For 30-year-old Shi Simin, autumn is always a season of anxiety. Every year, her Yunnan townsfolk cook dried slices of the monkshood plant, or fupian (附片), into their meals to boost their immunity.

Shi’s parents are keen participants, but there’s a problem: “If you don’t cook them the right way, medicines like fupian poison people,” Shi says.

In 2016, Yunnan’s Center of Disease Control reported 25 cases of self-inflicted poisoning as a result of home-cooked “medicinal diets” (药膳, yaoshan) containing fupian and shouwu (首乌), a fleece flower root. Despite warnings from local food and drug officials, “people are getting poisoned every year, but they still eat it,” says Shi. “It’s a tradition.”

The practice of yaoshan goes back at least as far as the Zhou dynasty (1046 – 256 BCE), when royal families employed “dietetic doctors” (食医) to prepare healthy diets. Though similar advice is mentioned in ancient texts such as the Inner Canon of the Yellow Emperor, the term was first recorded in the Han dynasty’s Legends of Virtuous Women, which depicted a woman preparing a yaoshan meal for her sick stepson.

A bowl of yaoshan soup, which contains a variety of medicinal herbs and supplements.

A homemade yaoshan soup with chicken and medicinal herbs

The practice persists today.
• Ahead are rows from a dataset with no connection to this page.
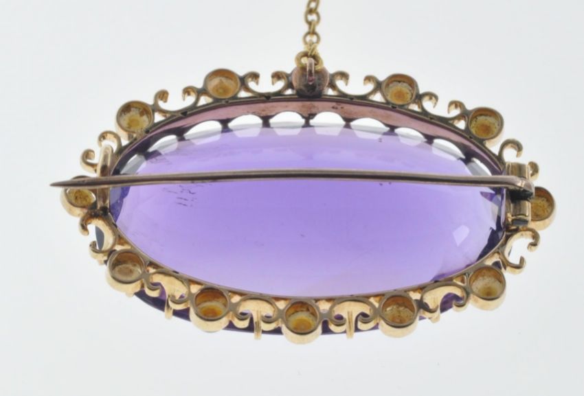 A 20th Century gold brooch set with a large oval cut amethyst having an open work mount set with seed pearls, complete with safety chain. Gold unmarked but tests indicate 18ct to the mount and 9ct to the pin. Amethyst measures approx 35mm wide. Brooch measures 14.2cm wide.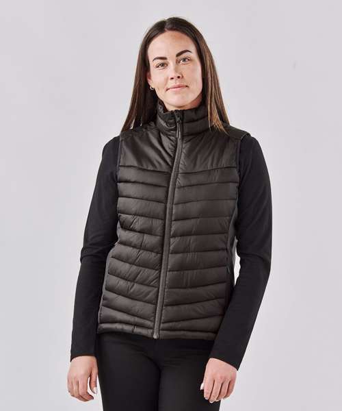 Pure Earth by STORMTECH™. Durable, PFC-free, water-repellent finish. Combination of broken fibre fill and polyfill. Adjustable hem. Zipped hand pockets with brushed tricot. Decoration access. STORMTECH Thermolex™ high loft synthetic down. High-performance windproof outer shell. Contrast single-layer stretch side panels. Partial elasticised armhole trim. Internal mesh stash pockets.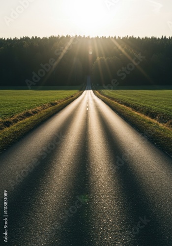 road, country, path, countryside, landscape, sunset, sunbeam, sun, ray, tree, field, grass, green, asphalt, shadow, light, gold, hours, summer, rural, nature, way, journey, travel, horizon, perspective, direction, straight, long, distance, drive, scenic, route, sunlit, yellow, dark, bright, warm, peaceful, tranquil, serene, calm, hope, adventure, exploration, open, destination, freedom
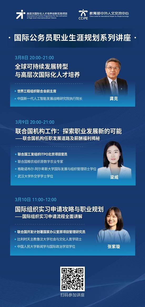我校于2021年3月正式获批教育部中外人文交流中心“高层次国际化人才培养创新实践项目”基地建设单位。旨在向国际组织培养并输送具有全球视野的高水平人才搭建国际化平台,为使同学们深入全面了解国际组织,将于3月8日-10日举行三场国际公务员职业生涯规划。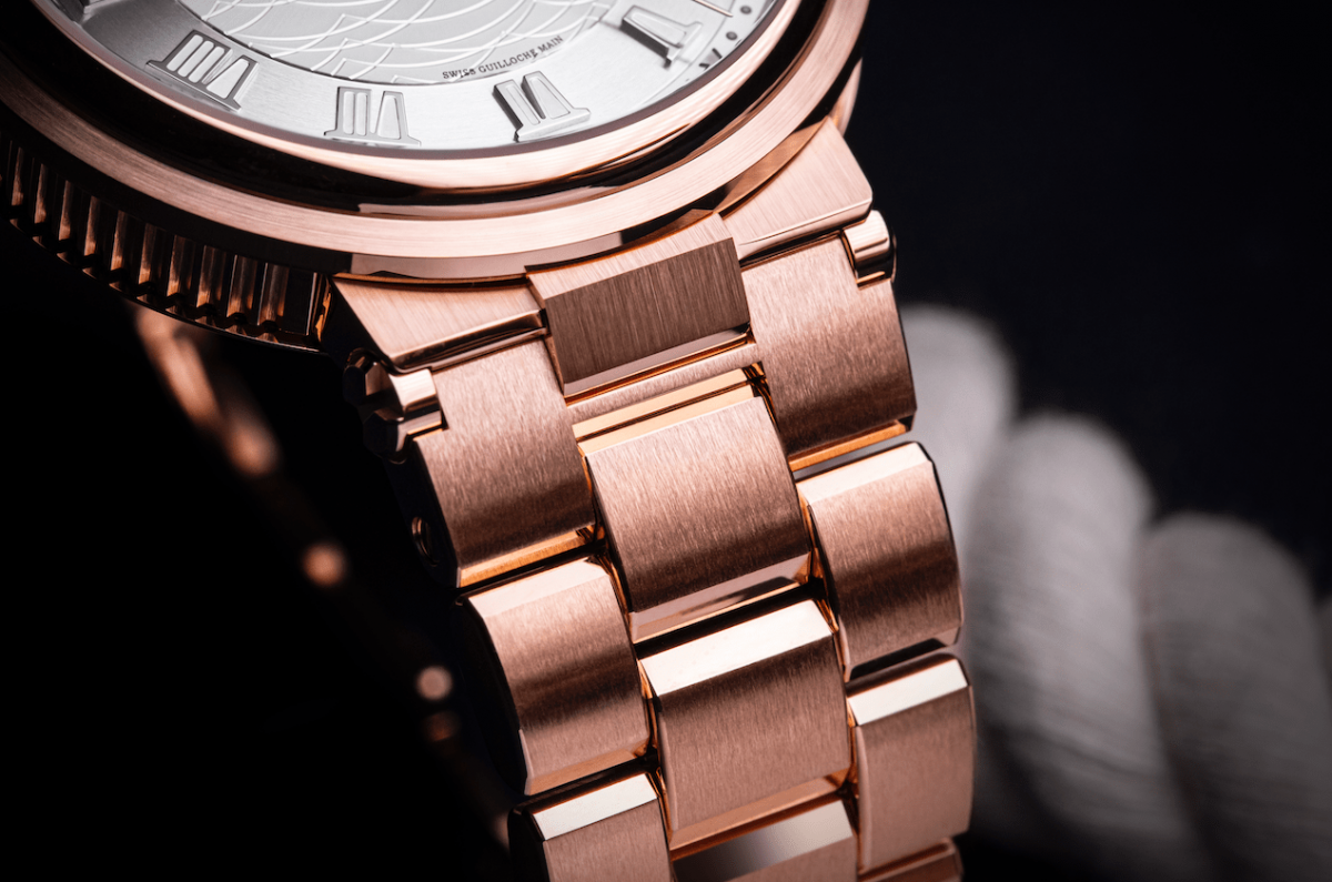 ▲金質鍊帶的霧面拋光面和亮面交替變化,與錶殼相互輝映,以最精緻及最高精密度的工藝,為手錶作最後修飾。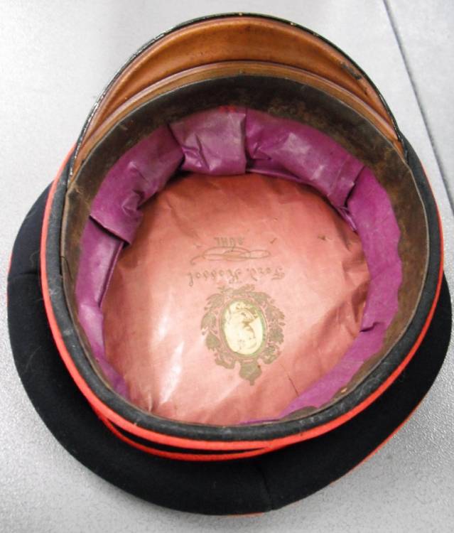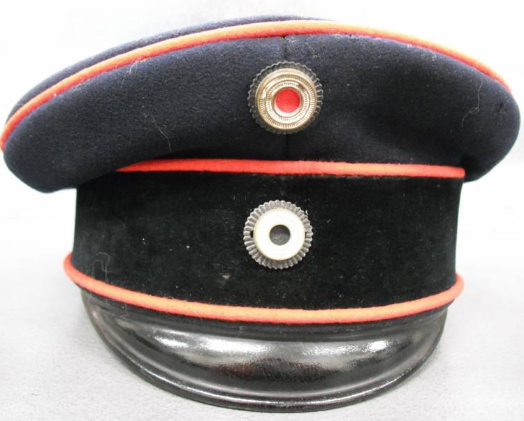 PER UFFICIALE ESERCITO PRUSSIANO. IN LANA BLU CON FASCIA NERA. WAFFENFARBE ROSSO. COCCARDA NAZIONALE TEDESCA E COCCARDA BIANCO NERA PRUSSIANA. NESSUN SEGNO DI MANOMISSIONE. INTERNO IN CARTA TELATA CON MARCHIO DEL FABBRICANTE STAMPATO E FOTO DEL KAISER INSCRITTA IN OVALE DORATO. ALLUDA IN CUOIO CON SEGNI DI PORTO. CONDIZIONI OTTIME.

While stipulating that “food must not contain medical substances,” China’s food safety laws make exceptions for “materials that have traditionally served as both food and medicaments.” These yaoshan dishes may be common homemade cures, such as a lily root and lotus seed porridge to relieve heat and soothe the nerves, or restaurant staples like “ginseng chicken soup.”

In Bozhou, the Anhui birthplace of legendary physician Hua Tuo, tourists can try the “Cao Fish Head.” Allegedly prescribed by Hua to cure the warlord Cao Cao’s headaches, the dish contains a remarkable 32 yaoshan herbs including fuling fungus, Chinese angelica, and root of the gastrodia plant. According to traditional Chinese medicine (TCM) experts, healthy dishes should be distinguished by their attractive color, flavor, taste, and presentation—yaoshan chefs must prepare food that not only does good, but looks (and, crucially, smells) good.

It’s not easy to do so, since only certain TCM ingredients can be used—a list of “edible and pharmaceutical substances,” last revised by the National Health Commission in 2018, contains 109 approved ingredients. “Ordinary chefs may only make yaoshan using ingredients on the list, which are classified as ‘medicinal diet for health enhancement (食补药膳),’” Yang Rui, president of China Association of Health Protection Food (CAHPF), tells TWOC.

In practice, though, it’s difficult for ordinary people to identify all 109 items. Because yaoshan has its roots in dietotherapy, the belief that diseases can be treated by diet, few people realize that the practice requires regulation. “Chinese people have traditionally had faith in the medicinal value of food, as they believe that food and medicine share the same origin,” says Yang.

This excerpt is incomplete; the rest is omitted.